Start of RECORDS FOR THIS EXERCISE

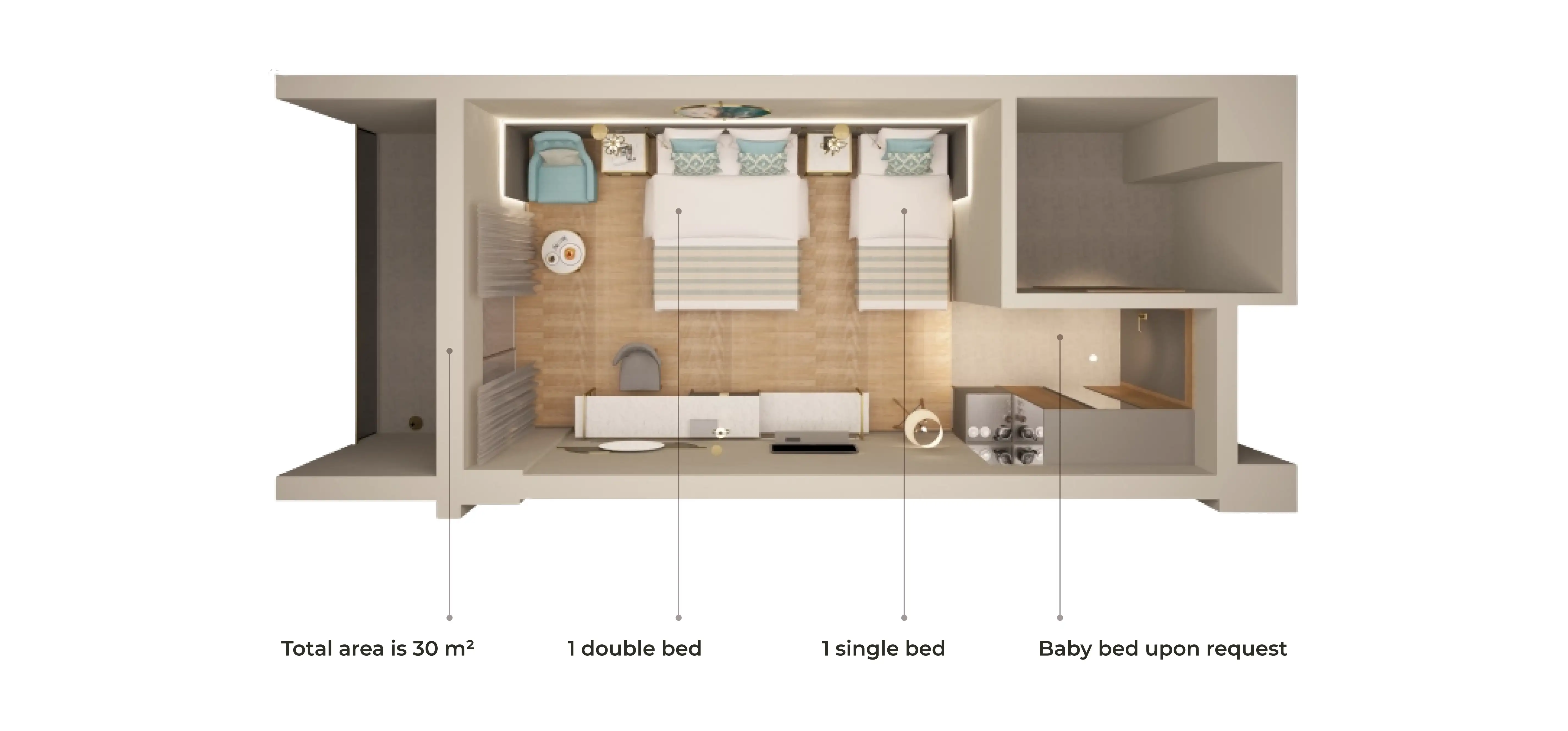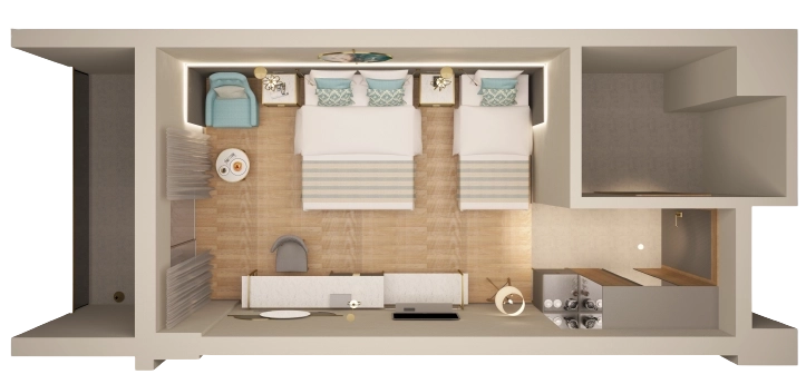 Семейные номера разделены дверью на две отдельные комнаты, что позволяет вам наслаждаться спокойной атмосферой даже с большой компанией.
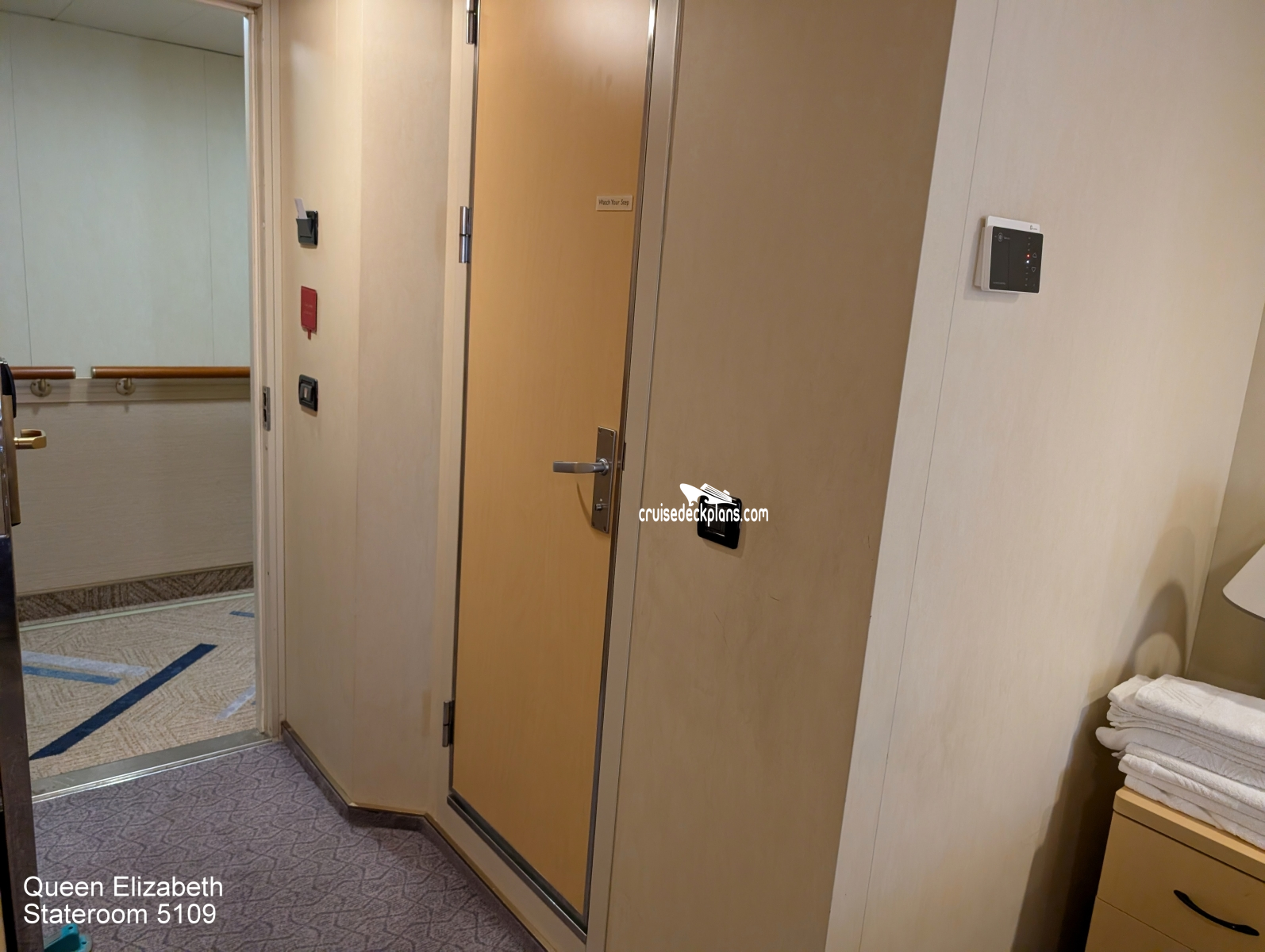 These are some actual stateroom pictures of cabin 5109 on the Queen Elizabeth. Click on images below for larger image and slide show. The slide show will show the date the picture was uploaded to out website. This date is useful because Queen Elizabeth typically will update its cabins every three to five years with new carpeting and decor. We will keep older pictures for you to compare the more recent photos to. The pictures are sorted by the newest ones first. Most of our cabin pictures are contributed by actual cruisers. We pay 50 cents for any that we use. You can upload your cabin photos HERE. Afer you are done looking at these photos and/or the videos below you can click here to select another cabin.
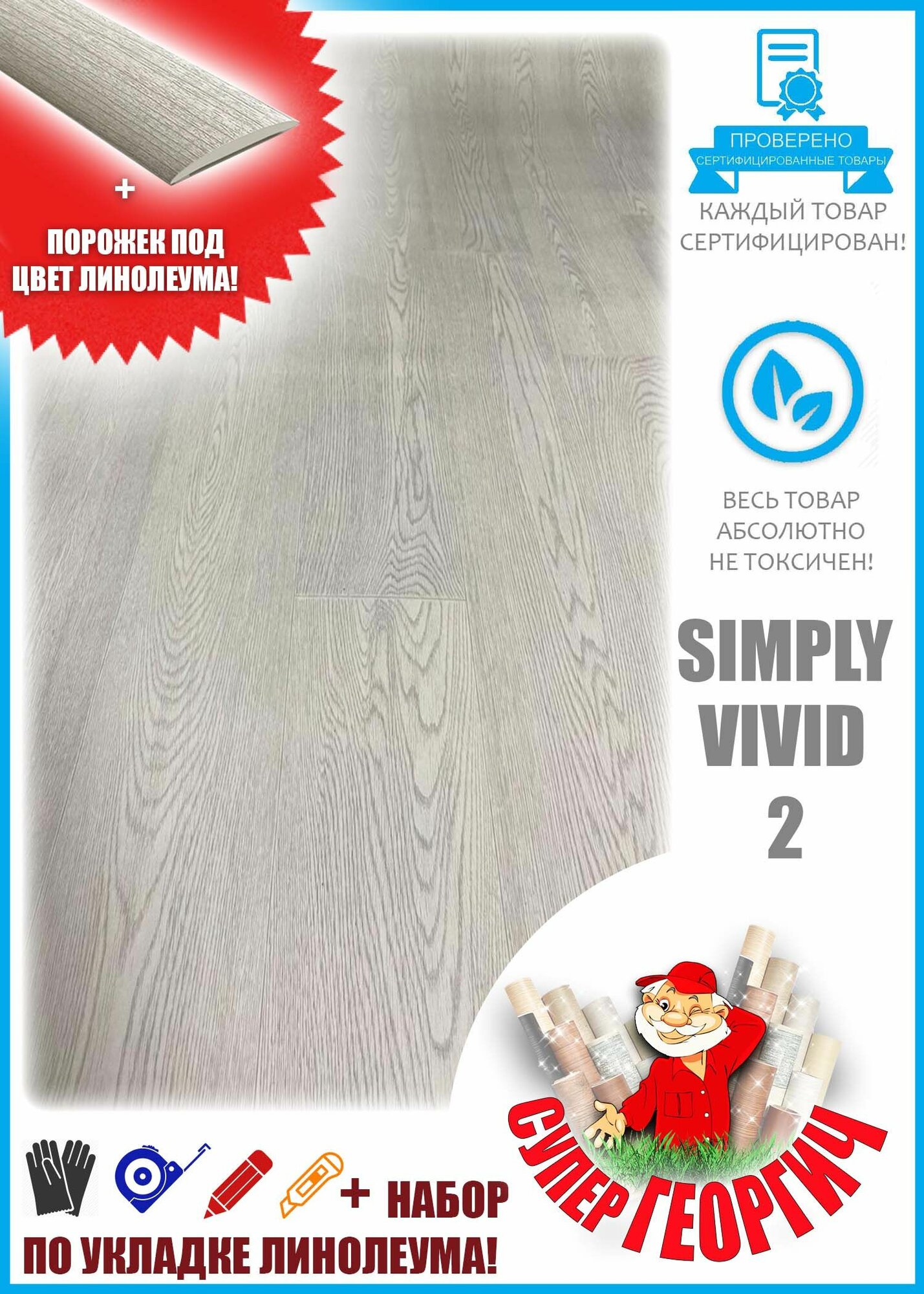 Линолеум для пола на отрез Simply Vivid-2, 2м на 7,5 Бытовой, цвет светло-серый информация:
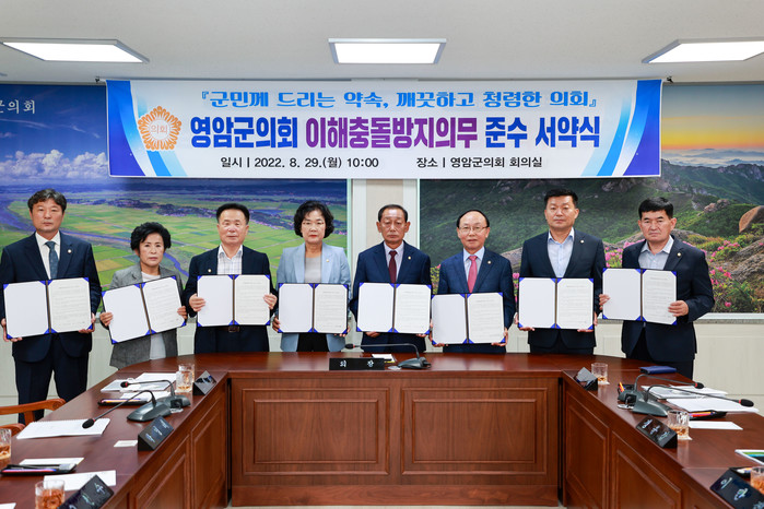 강찬원 군의장은 “군의원 모두가 솔선수범해 이해충돌방지법을 준수하고 사사로운 이익을 추구하지 않으며, 공정하고 청렴하게 의정활동을 수행함으로써 군민으로부터 신뢰받는 깨끗하고 청렴한 의회가 될 수 있도록 더욱 노력해 나갈 것”이라고 말했다.
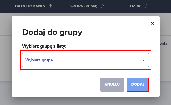 2. Pojawia się okno “Dodaj do grupy”. Rozwijamy opcję “Wybierz grupę” → tutaj wyświetlą się stworzone przez Ciebie wcześniej grupy. Wybierz spośród nich grupę, do której chcesz przypisać swojego pracownika. Po wybraniu kliknij “Dodaj”
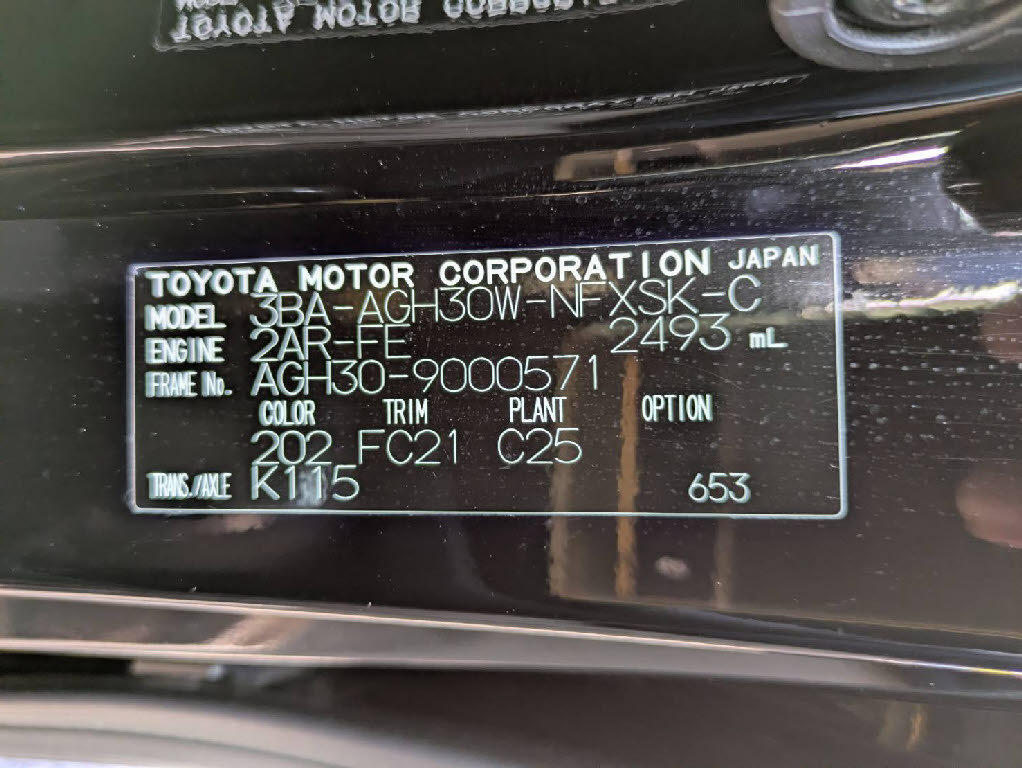 | 車名 | ヴェルファイア | 車台番号 | 571 |
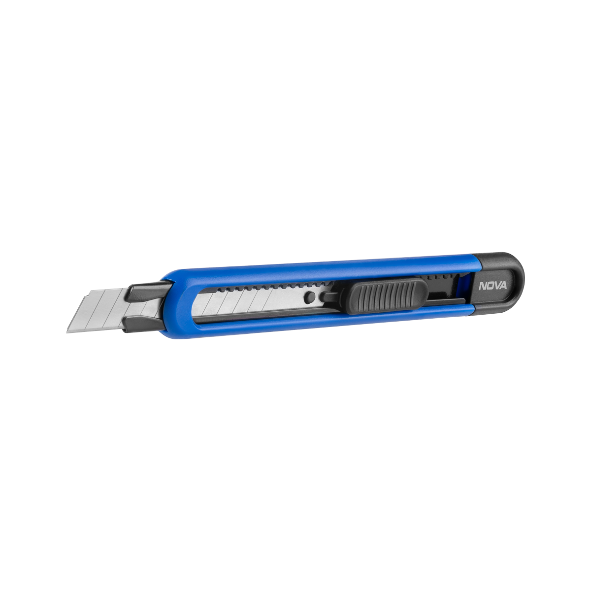 کاتر ۹ میلیمتری نووا مدل ۱۳۰۵، ابزاری دقیق و ایدهآل برای انجام برشهای ظریف و کارهای هنری است که به کنترل و دقت بالایی نیاز دارند. بدنه سبک و ارگونومیک این کاتر از پلاستیک مقاوم ABS ساخته شده که به راحتی در دست جای گرفته و امکان مانور دقیق را برای کاربر فراهم میکند. تیغه ۹ میلیمتری این مدل از فولاد کربنی باکیفیت است و برای ایجاد خطوط برش تمیز روی کاغذ، مقوا، فوم و سایر مواد حساس، عملکردی فوقالعاده دارد. ریل استیل ضدزنگ، حرکت روان تیغه را تضمین کرده و مکانیزم قفل اتوماتیک بسیار مقاوم آن، تیغه را در حین کار کاملاً ثابت نگه میدارد تا ایمنی و دقت کاربر به حداکثر برسد.
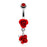 Red Dangling Mini Roses Belly Ring. Metal Roses delicately dangle from this Surgical Steel belly ring to give you a delicate look all year. A single mini rose dangles perfectly from the top rose. Flower belly rings are a great addition to any naval ring collection. 14 GA. 3/8" barbell. 5mm ball top. Also available in purple.
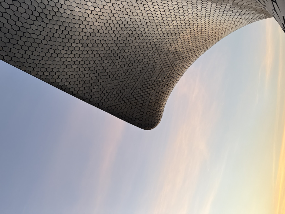 An abstract view shows a section of a building with a hexagonal grid pattern against a sky backdrop. The building’s surface curves, creating a sense of depth and dimension. The sky transitions in color from a soft blue to a warm, golden hue, suggesting either sunrise or sunset. The angle of the shot emphasizes the building’s architectural design and the natural beauty of the sky.

End of RECORDS FOR THIS EXERCISE

> [EXERCISE GOAL] No images belong in the copy. Transcribe every record exactly.

> [RESULT BELOW]
 Семейные номера разделены дверью на две отдельные комнаты, что позволяет вам наслаждаться спокойной атмосферой даже с большой компанией.
 These are some actual stateroom pictures of cabin 5109 on the Queen Elizabeth. Click on images below for larger image and slide show. The slide show will show the date the picture was uploaded to out website. This date is useful because Queen Elizabeth typically will update its cabins every three to five years with new carpeting and decor. We will keep older pictures for you to compare the more recent photos to. The pictures are sorted by the newest ones first. Most of our cabin pictures are contributed by actual cruisers. We pay 50 cents for any that we use. You can upload your cabin photos HERE. Afer you are done looking at these photos and/or the videos below you can click here to select another cabin.
 Линолеум для пола на отрез Simply Vivid-2, 2м на 7,5 Бытовой, цвет светло-серый информация:
 강찬원 군의장은 “군의원 모두가 솔선수범해 이해충돌방지법을 준수하고 사사로운 이익을 추구하지 않으며, 공정하고 청렴하게 의정활동을 수행함으로써 군민으로부터 신뢰받는 깨끗하고 청렴한 의회가 될 수 있도록 더욱 노력해 나갈 것”이라고 말했다.
 2. Pojawia się okno “Dodaj do grupy”. Rozwijamy opcję “Wybierz grupę” → tutaj wyświetlą się stworzone przez Ciebie wcześniej grupy. Wybierz spośród nich grupę, do której chcesz przypisać swojego pracownika. Po wybraniu kliknij “Dodaj”
 | 車名 | ヴェルファイア | 車台番号 | 571 |
 کاتر ۹ میلیمتری نووا مدل ۱۳۰۵، ابزاری دقیق و ایدهآل برای انجام برشهای ظریف و کارهای هنری است که به کنترل و دقت بالایی نیاز دارند. بدنه سبک و ارگونومیک این کاتر از پلاستیک مقاوم ABS ساخته شده که به راحتی در دست جای گرفته و امکان مانور دقیق را برای کاربر فراهم میکند. تیغه ۹ میلیمتری این مدل از فولاد کربنی باکیفیت است و برای ایجاد خطوط برش تمیز روی کاغذ، مقوا، فوم و سایر مواد حساس، عملکردی فوقالعاده دارد. ریل استیل ضدزنگ، حرکت روان تیغه را تضمین کرده و مکانیزم قفل اتوماتیک بسیار مقاوم آن، تیغه را در حین کار کاملاً ثابت نگه میدارد تا ایمنی و دقت کاربر به حداکثر برسد.
 Red Dangling Mini Roses Belly Ring. Metal Roses delicately dangle from this Surgical Steel belly ring to give you a delicate look all year. A single mini rose dangles perfectly from the top rose. Flower belly rings are a great addition to any naval ring collection. 14 GA. 3/8" barbell. 5mm ball top. Also available in purple.
 An abstract view shows a section of a building with a hexagonal grid pattern against a sky backdrop. The building’s surface curves, creating a sense of depth and dimension. The sky transitions in color from a soft blue to a warm, golden hue, suggesting either sunrise or sunset. The angle of the shot emphasizes the building’s architectural design and the natural beauty of the sky.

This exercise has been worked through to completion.